Bloomberg GBP USD 6 M Chart – 14 January 2019
  1. GBP/USD The British Pound closed higher versus the US Dollar despite Brexit uncertainty. Sterling has benefitted from the overall weaker Greenback. The gap between UK and US bond yields have also narrowed in favour of the Pound, narrowing in 4 months to 147 basis points from 163 BP. On Friday UK December GDP beat forecasts. Speculative market positioning has remained short of Sterling. However, the outlook for Brexit remains bleak with tomorrow’s UK Parliamentary vote expected to veto PM Theresa May’s plan. We can expect more volatility ahead for the British currency. Immediate resistance can be found at 1.2870 and then 1.2920. The 1.3000 psychological level should cap gains. Immediate support lies at 1.2800, followed by 1.2730.
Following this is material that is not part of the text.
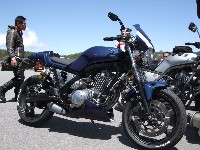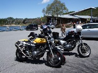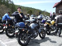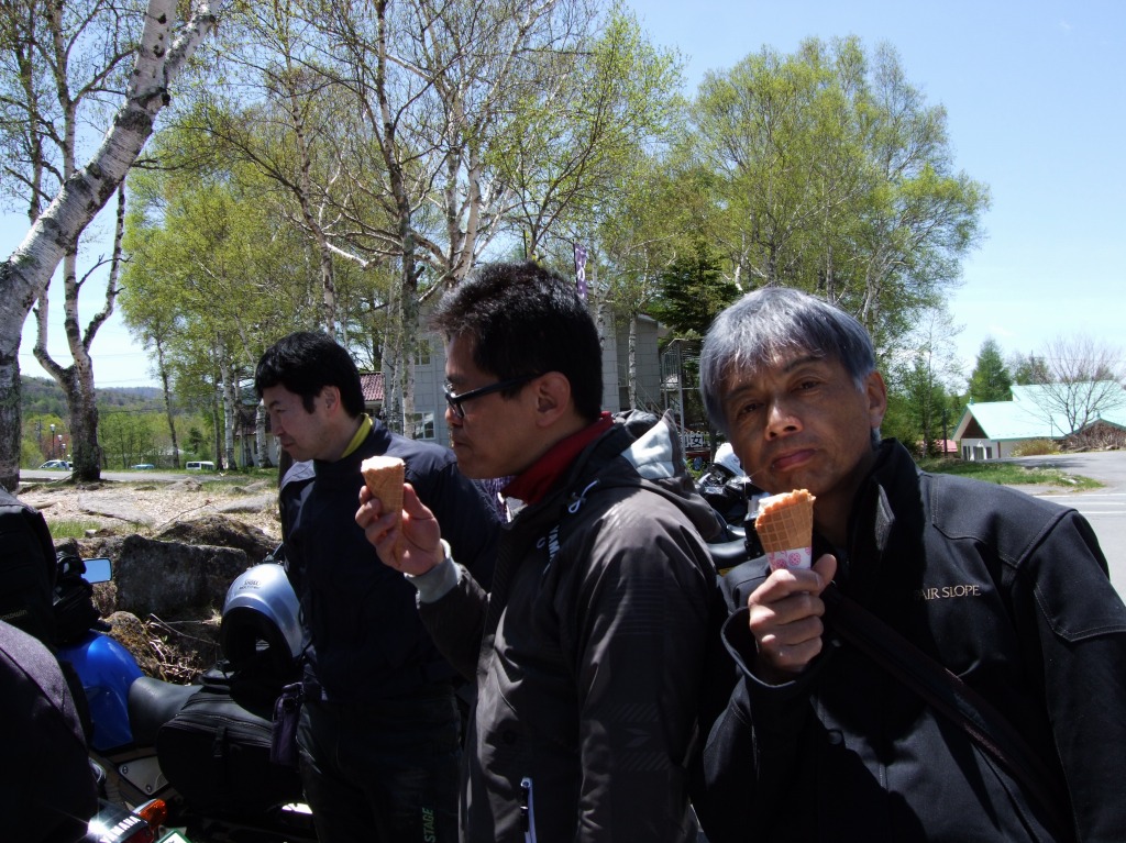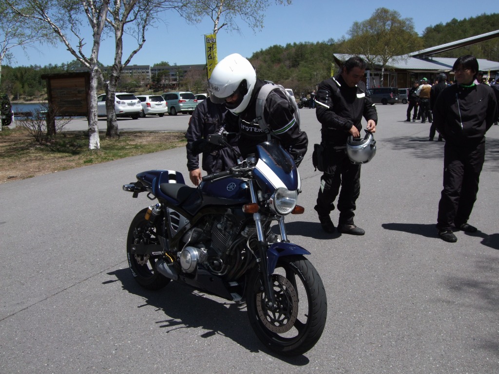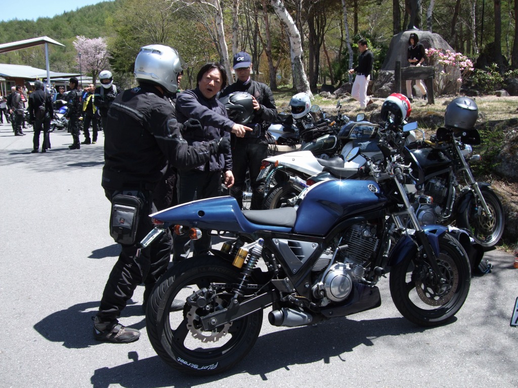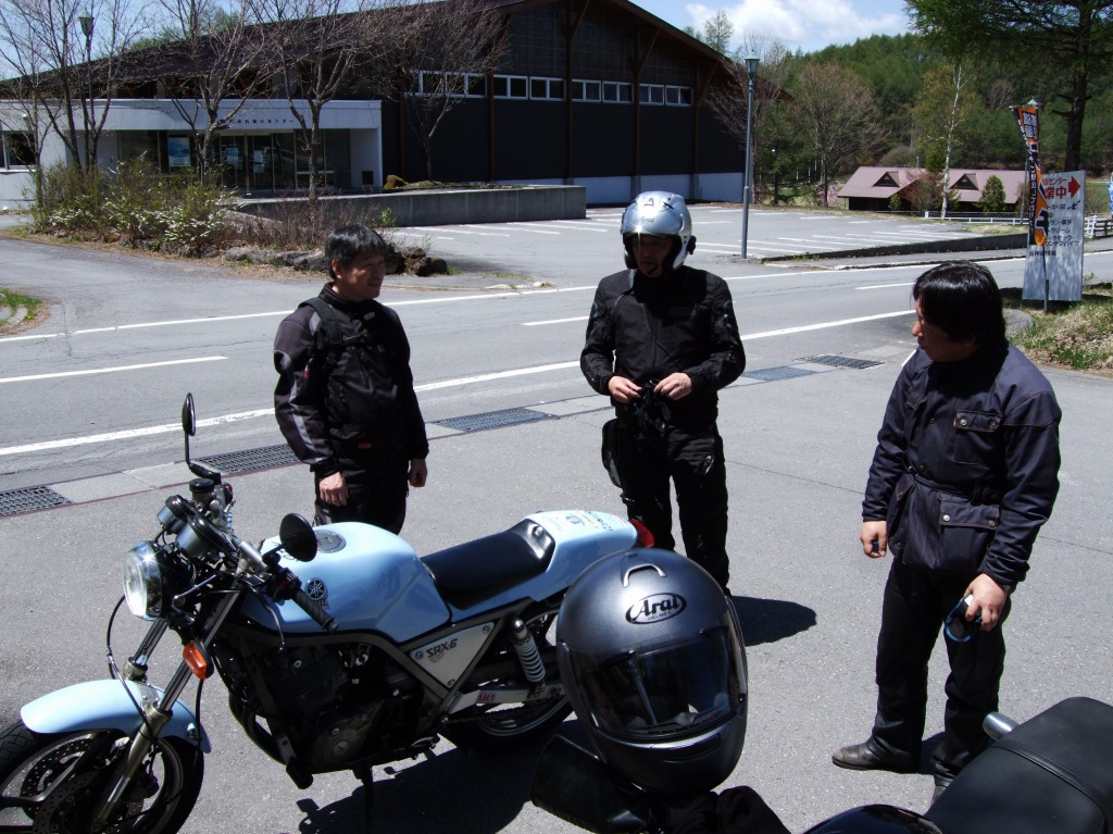 ちーさん&だるちゃん+ゆっきーくんは高速が混む前にお帰り。 ツーリングは一般道かつワインディングが大前提、 Who?(誰のことだ) ––– 絶賛ソフトクリーム中のふじっこ氏とShinji氏。 自家塗装によるインターカラーが特徴、SAM氏のマシン。 |

  2. USD/CNH While the Chinese Currency is not always focussed on, it does have its influence on the Major currencies on occasion. The focus on China’s trade war with America now scrutinises much more of economic data, policies and currency moves. At the end of the day, the Dollar remains as king of the major currency moves. The latest Fed outlook on interest rates turned the Greenback around with its direction looking further south. The Chinese currency slowly gained with China much more focussed and intentional in addressing its economic slowdown. The USD/CNH was headed toward 3.00 4 months ago, and now it’s looking like 6.60-6.70 is a possibility. While optimism remains on current China-US trade talks, we are still a long way from resolution. Traders will keep their focus on the USD/CNH trade with immediate support at 6.7200 and 6.7000 within reach. Immediate resistance lies at 6.78 and 6.81.

Have a good week ahead all, happy trading.